What to do — Leave out all pictures. Return exactly the lines from the top of the material through the line containing "One UI 8.5 –".

───── Material shown ─────

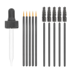 O kit de Óleo de Rícino com Aplicador contém (1) frasco de 1 oz de óleo de rícino orgânico, (1) conta-gotas de vidro, (5) bastões e (5) pincéis para cuidar dos cílios e das sobrancelhas.
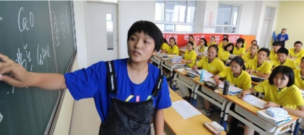 讲台上,正在黑板上一笔一划写字"小老师"就是王心怡,可能她的同龄人现在还在为课后作业亦或是去哪里玩耍而发愁,而我们的学霸王心怡怀揣着心中的梦想已经在村里的学校教导她的弟弟妹妹们学习。
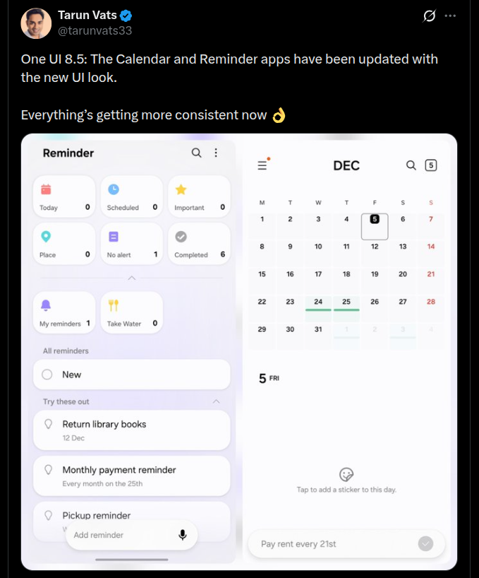 One UI 8.5 – Audio Brief for Now Brief and New UI Look for Calendar, Reminder, and Clock Apps
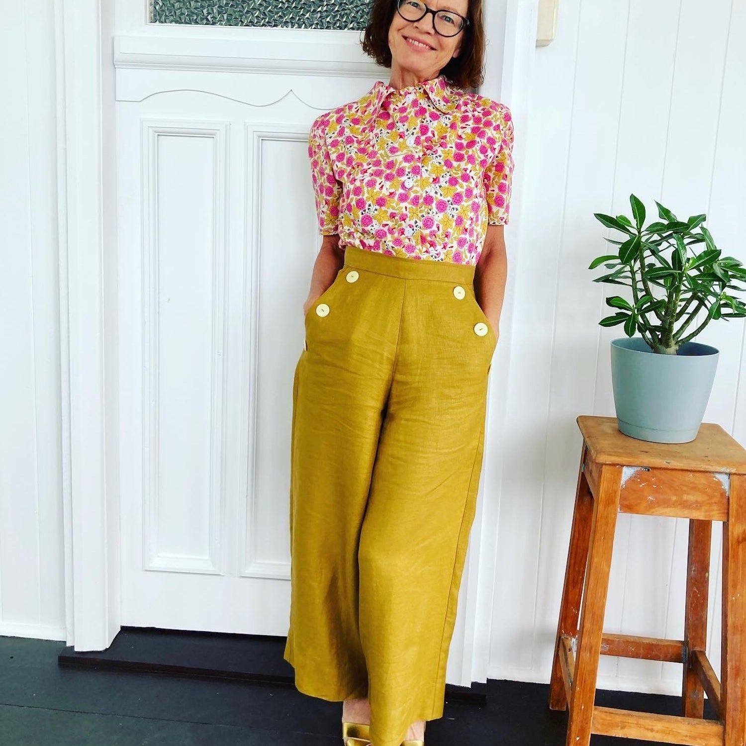 Thanks Laura! I received your beautiful pants and they fit perfectly! They will certainly be a favourite. I love the buttons, the colour and the style. I went out in them yesterday for the first time and had a lovely stranger on the street telling me what great pants I have.
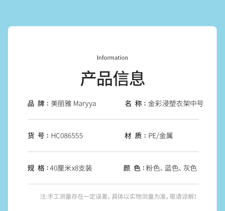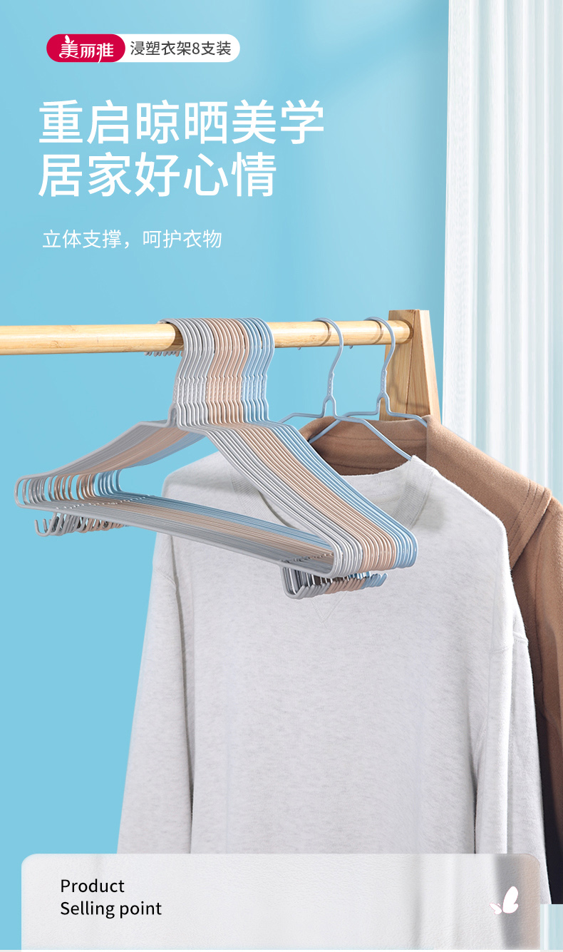 【批发】美丽雅金彩浸塑衣架中号8支入(40cm)
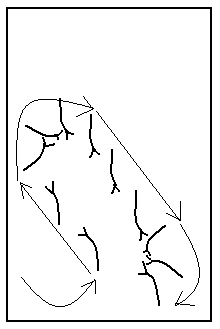2. ale chtít větší odstup od stěny (lze použít otěže stylem „neck reining“ a jimi vytlačit předek doprava a přitom dobře sedět na levé sedací kosti, abychom udržel směr pohybu vlevo podél stěny).
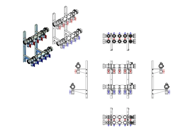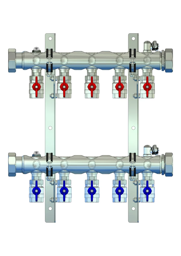 • Vorlaufbalken mit angehangene 1" Kugelhähne pro Heizkreis, Flügelgriff rot
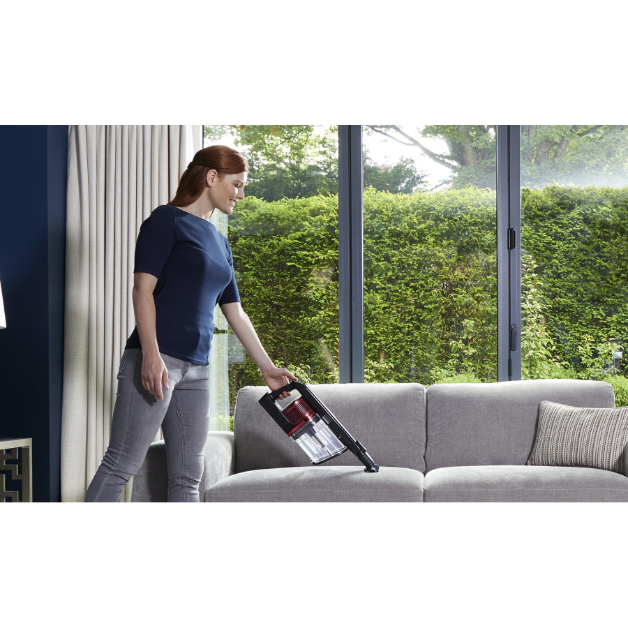 Убирайте труднодоступные места удобно! Просто отсоедините основной блок от стика одним нажатием кнопки и получите портативный многофункциональный пылесос, который легко очистит шторы, салон автомобиля, поверхность под мебелью, диваны, лестницы и т.д.
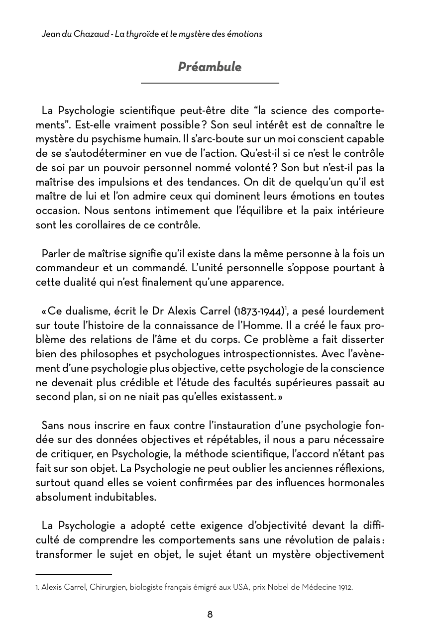 Sans la connaissance du fonctionnement glandulaire, véritable clé de compréhension générale, il est impossible de connaître les « mécanismes » psychologiques, d’expliquer les facultés mentales et donc aussi les maladies mentales.
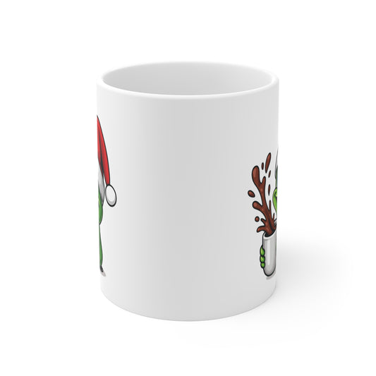 Mug Grenouille Noël 325ml – Tasse Céramique Mignonne avec Bonnet Rouge – Cadeau Fêtes Original
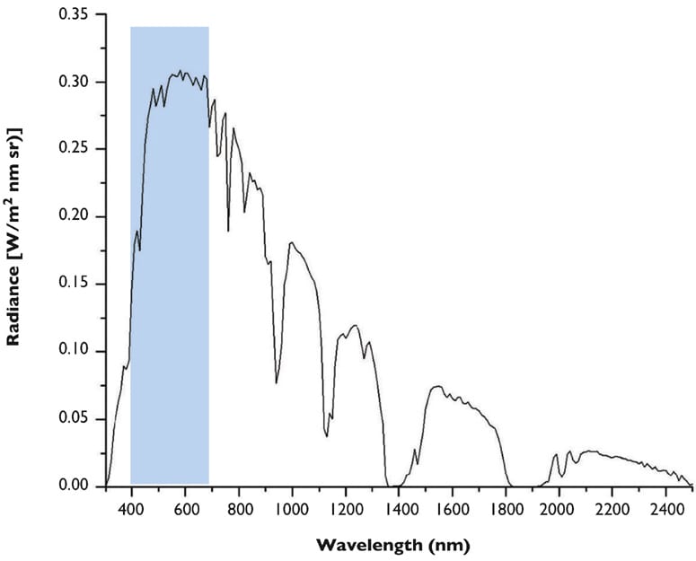 L(λ) is the at-sensor spectral radiance at wavelength in units of W/(m2 sr nm). In layman’s terms, this tells you the brightness of the light coming into the imager, usually from the object of interest. Thus, the information of interest is in this term. You can increase your Signal (and thus your SNR) with brighter illumination. Generally, the illumination changes with wavelength. For example, the signal from a Lambertian object with perfect reflectivity when illuminated by the sun in typical atmospheric conditions is shown in Figure 1. Note that illumination becomes weaker at both short (~400 nm) and long wavelengths, and thus the signal (and SNR) typically degrade at short and long wavelengths. The visible wavelength range is approximately 400-700 nm.
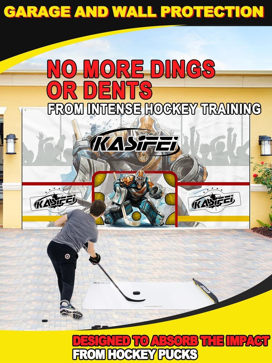Kasifei 16 x 8 ft Hockey Shooting Tarp made from heavy-duty Oxford fabric. Designed for players of any level looking to improve accuracy, shooting power, and consistency while protecting garage doors or interior walls from puck impact.
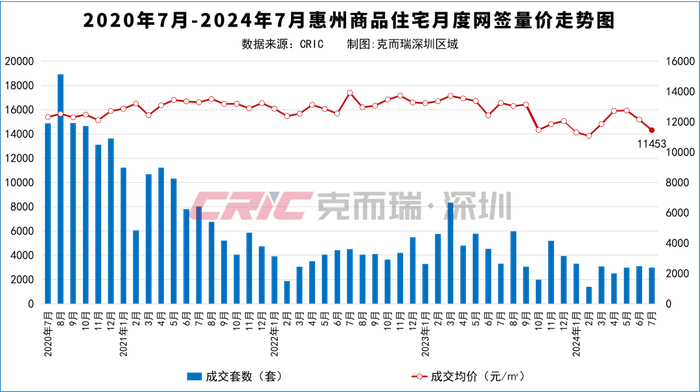 根据CRIC市场监测数据显示,7月惠州商品住宅供应量约20万㎡,总供应1902套,环比上涨91%。成交方面,网签总面积约32万㎡,共2998套房源,环比下降3.5%,同比下降9.3%。从区县方面看,大亚湾在7月的表现较为显眼,供求量都是最多。

─────

Solved exercise —
 O kit de Óleo de Rícino com Aplicador contém (1) frasco de 1 oz de óleo de rícino orgânico, (1) conta-gotas de vidro, (5) bastões e (5) pincéis para cuidar dos cílios e das sobrancelhas.
 讲台上,正在黑板上一笔一划写字"小老师"就是王心怡,可能她的同龄人现在还在为课后作业亦或是去哪里玩耍而发愁,而我们的学霸王心怡怀揣着心中的梦想已经在村里的学校教导她的弟弟妹妹们学习。
 One UI 8.5 – Audio Brief for Now Brief and New UI Look for Calendar, Reminder, and Clock Apps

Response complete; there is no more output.